**Requirement:** Exact copies of all entries are needed. Pictures are to be left out.

**Given information:**
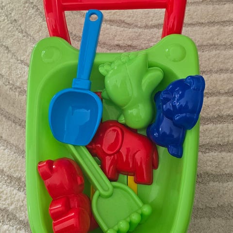 Fargerik og solid trillebår for barn selges. Perfekt til lek ute i hagen eller sandkassen.
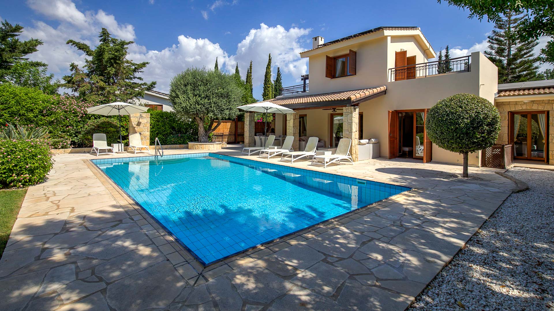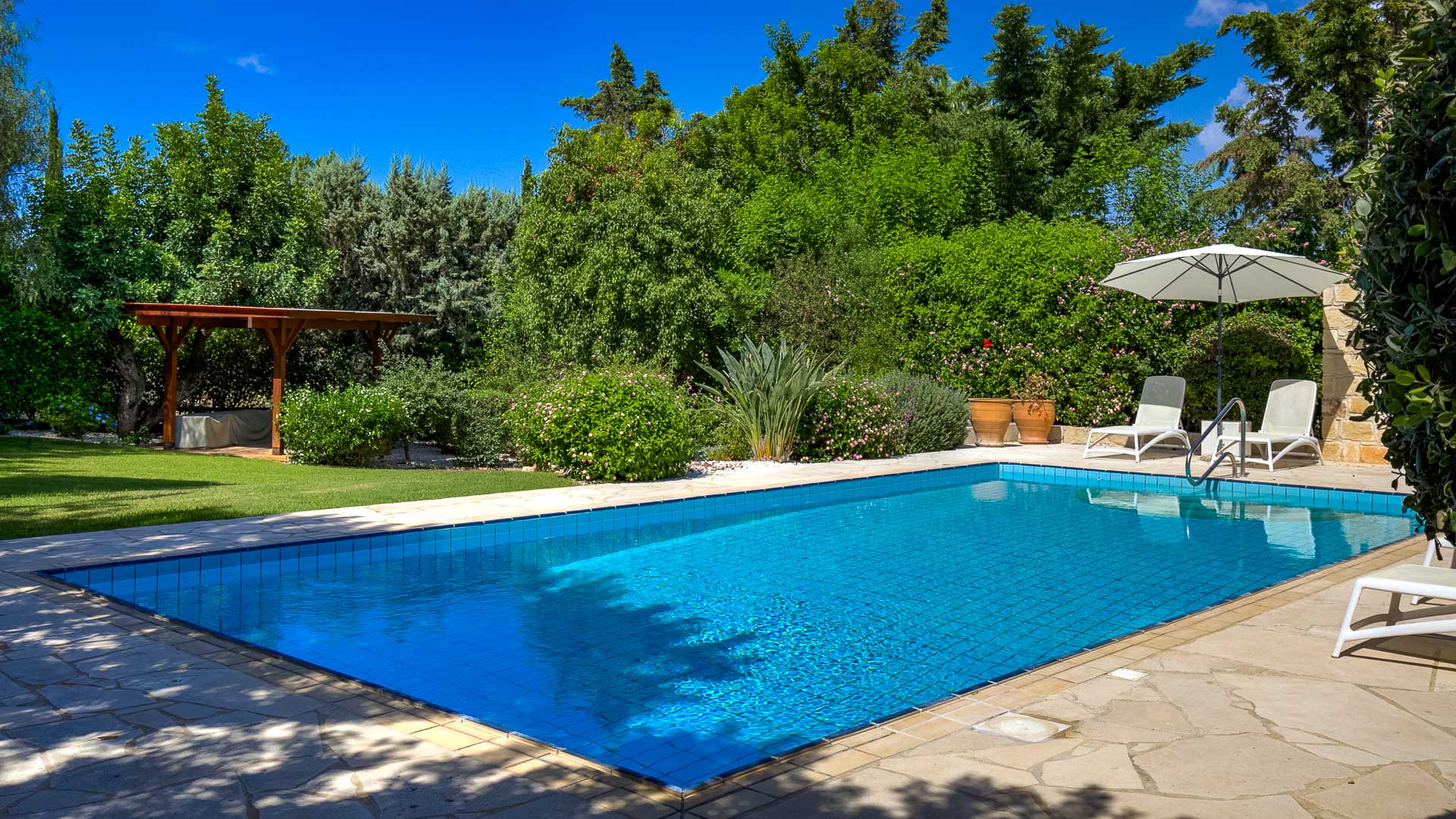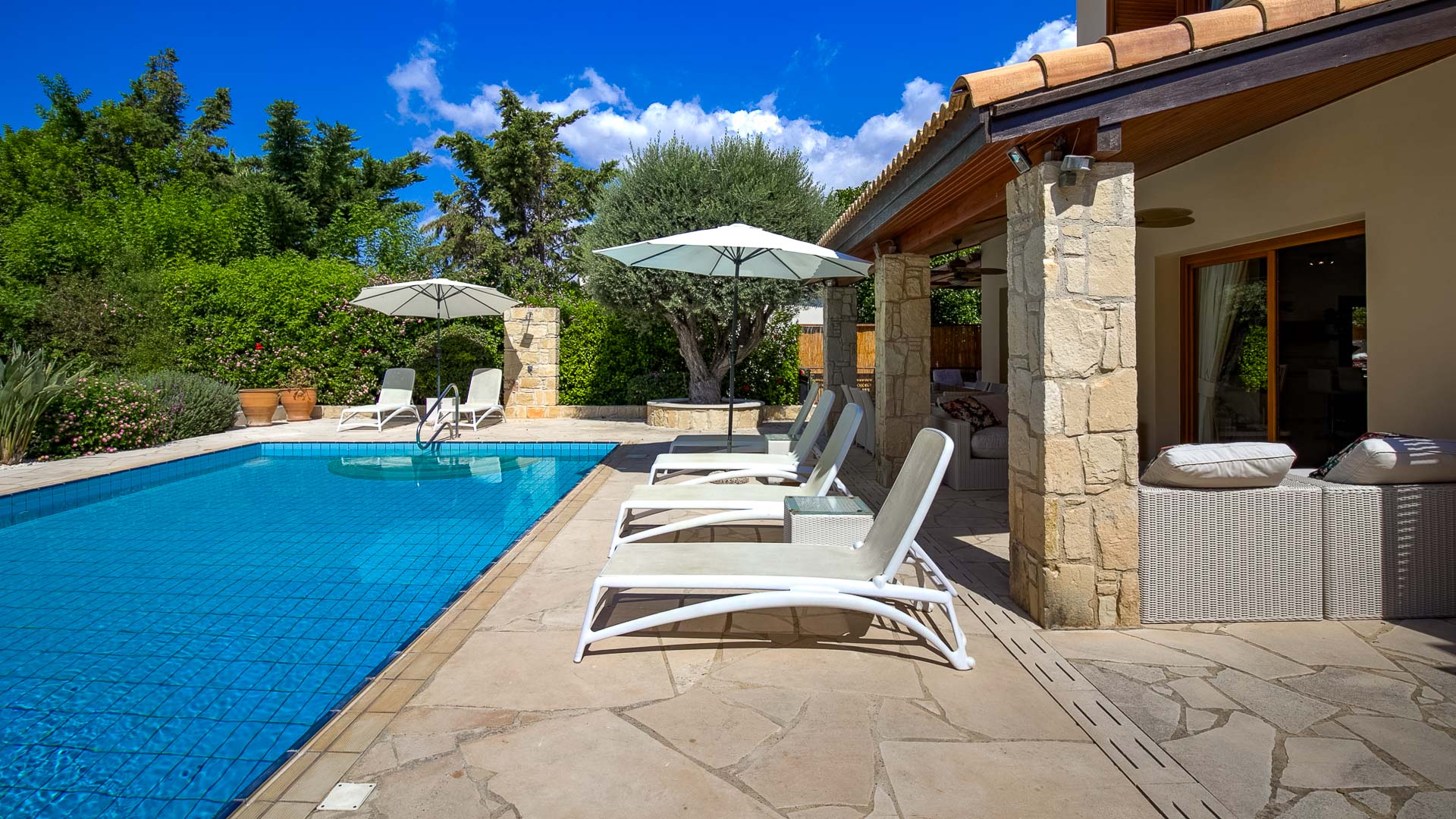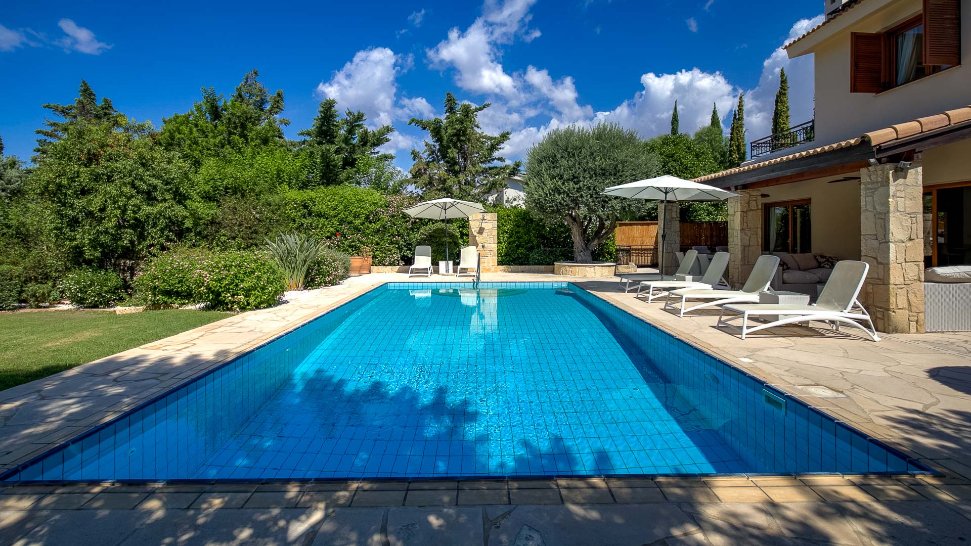 Bedrooms: 3 / Bathrooms: 2 / Large Living and Dining room / Western Plateau /Total covered area: 159 sq. m. / Plot: 1312 sq. m./ Heated Pool: 10m x 5m / Central Heating / Covered Veranda / Beautifully Landscaped Gardens with Lawn / Photovoltaic / Constructed in 2005
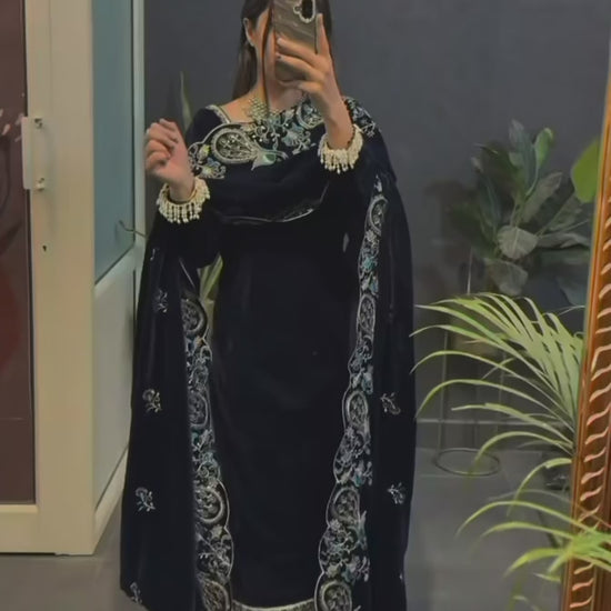Party Wear Viscose Velvet Designer Suit with Heavy Sequin Embroidery
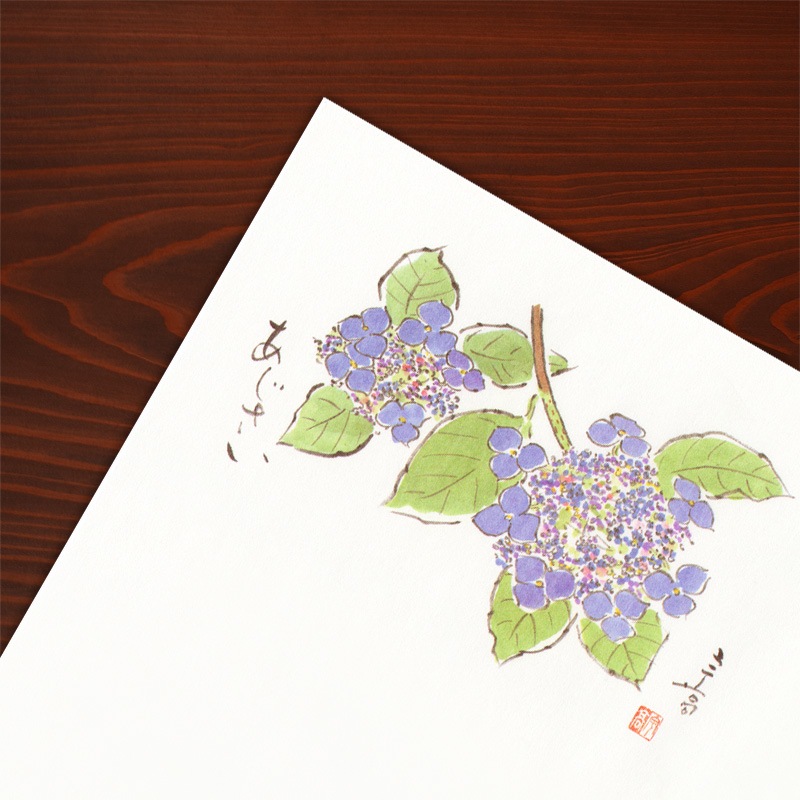 涼しげな青色の紫陽花を描いたテーブルマットです。
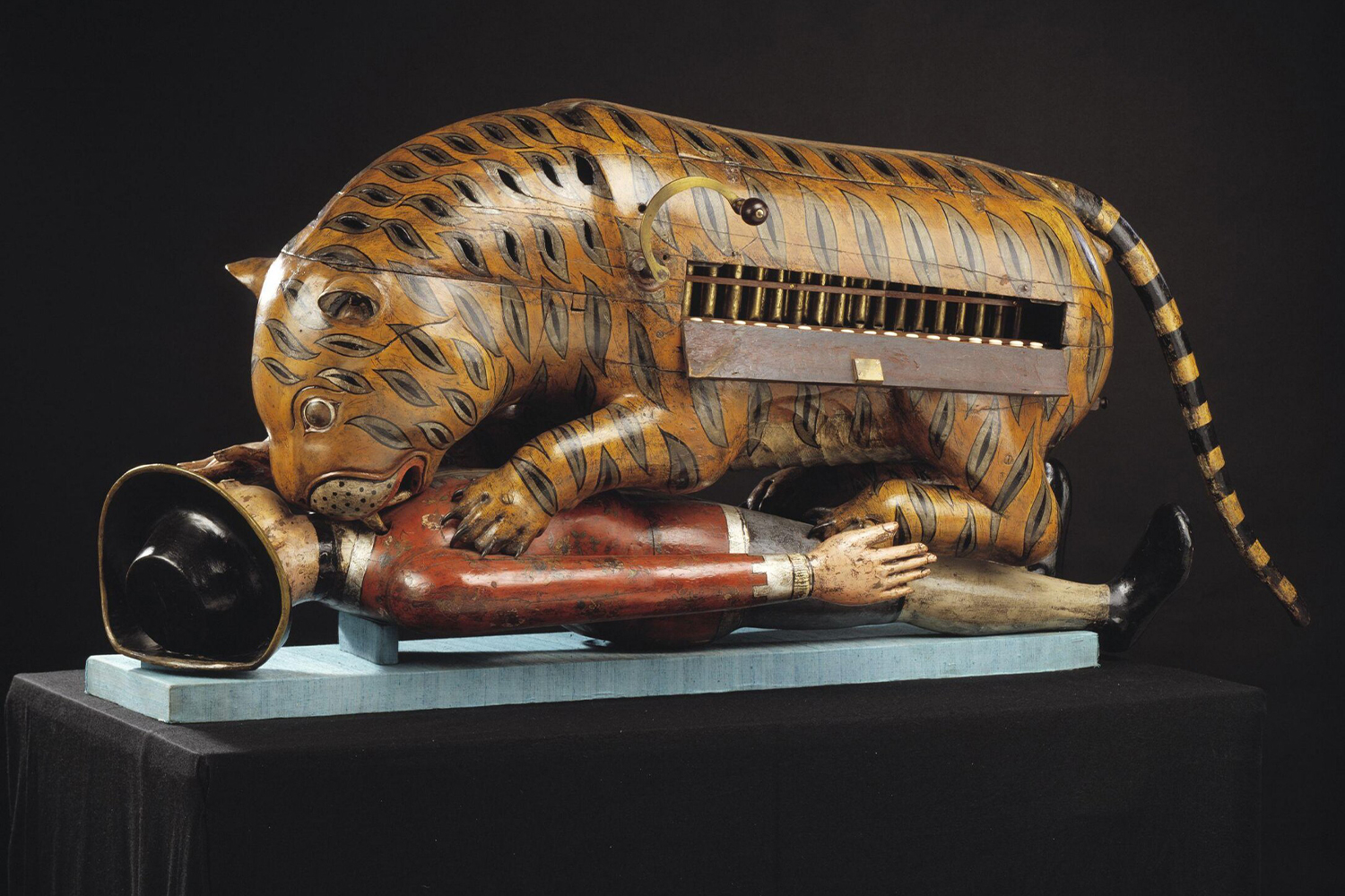 A six-foot long musical automaton depicting a tiger mauling an English soldier, Tipu’s Tiger is carved of Indian jackwood and was made around 1794–99, likely under specific instructions from Tipu Sultan.

**Answer for this exercise:**
 Fargerik og solid trillebår for barn selges. Perfekt til lek ute i hagen eller sandkassen.
 Bedrooms: 3 / Bathrooms: 2 / Large Living and Dining room / Western Plateau /Total covered area: 159 sq. m. / Plot: 1312 sq. m./ Heated Pool: 10m x 5m / Central Heating / Covered Veranda / Beautifully Landscaped Gardens with Lawn / Photovoltaic / Constructed in 2005
Party Wear Viscose Velvet Designer Suit with Heavy Sequin Embroidery
 涼しげな青色の紫陽花を描いたテーブルマットです。
 A six-foot long musical automaton depicting a tiger mauling an English soldier, Tipu’s Tiger is carved of Indian jackwood and was made around 1794–99, likely under specific instructions from Tipu Sultan.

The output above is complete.